The American Psychiatric Association published the fifth edition of Diagnostic and Statistical Manual of Mental Disorders where they included “internet gaming disorder” as a mental disease.

When children, adolescents or even adults feel compelled to use screens and keep increasing the use while ignoring self care, work, socialization and relationships, it can be called addiction, Mekhla Sarkar explained.

WHAT DOES FOREIGN RESEARCH SAY?

Amy Orben, an experimental psychologist at the University of Cambridge, UK, and her colleagues published a research paper last year where they found “windows of developmental sensitivity” – where social media use is associated with a later period of lower life satisfaction – at specific ages during adolescence.

Analyzing data from over 17,000 participants aged between 10 and 21, the researchers found that higher use of social media at ages 11 to 13 for girls, and 14 to 15 for boys, predicted lower life satisfaction a year later.

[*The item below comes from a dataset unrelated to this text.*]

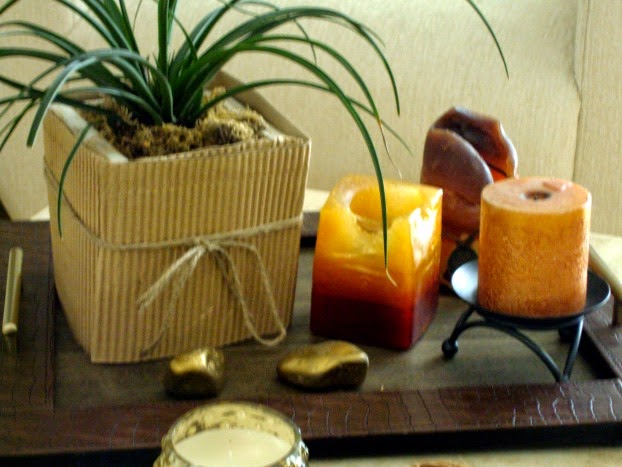 Τον έβαλα στο τραπεζάκι του σαλονιού μου με ένα φυτό που έχει επιζήσει από την άνοιξη στο σπίτι μου (δεν είμαι και η καλύτερη στην διατήρηση φυτών) και κάποια κεριά σε φθινοπωρινά χρώματα.
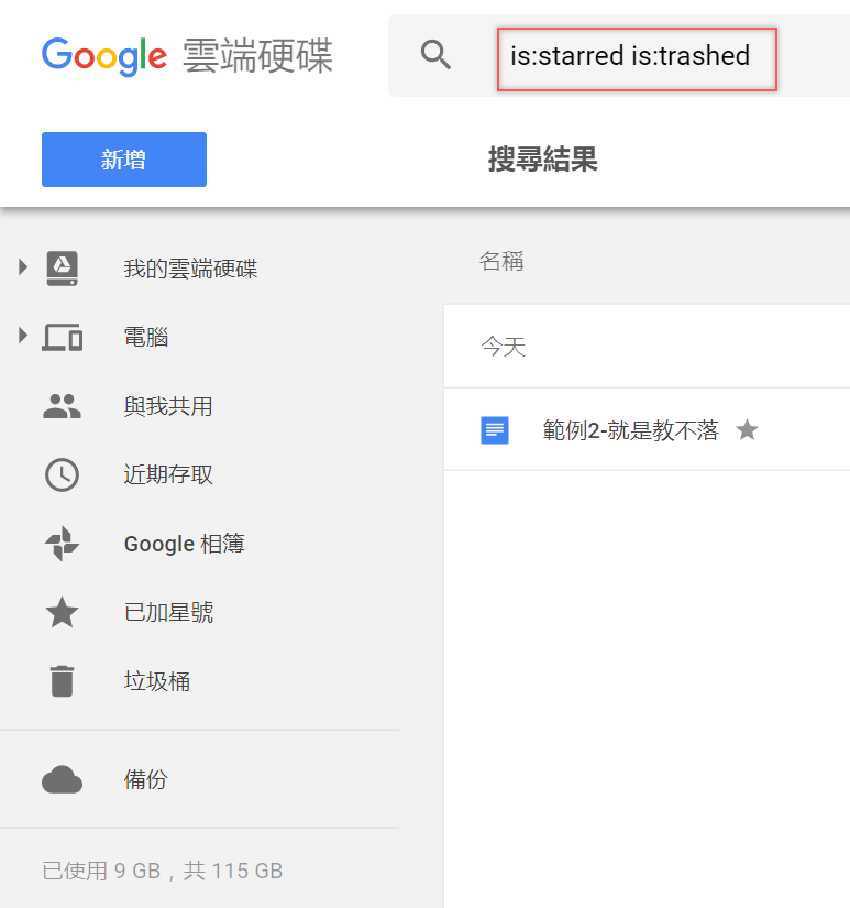 或是用「已加星號」的項目,輸入「is:starred」結果出現在垃圾桶,如果你的檔案很重要,記得加星號,找起來也比較快。

The reverse was also true: lower social media use at this age predicted higher life satisfaction the following year.

“Being a teenager is really a major time of development,” says Orben. “You’re much more impacted by your peers, you’re much more interested in what other people think about you. And the design of social media – the way that it provides social contact and feedback on, more or less, a click of a button – might be more stressful at certain times.”

SOMETHING ‘POSITIVE’

Although worried about her children’s habit of using a screen, Nusrat believes they can learn something positive from it.

“My daughter could already draw, but she learned more from the internet during the pandemic and drew very nice pictures. She learned many other things from the internet or watching YouTube on her phone.”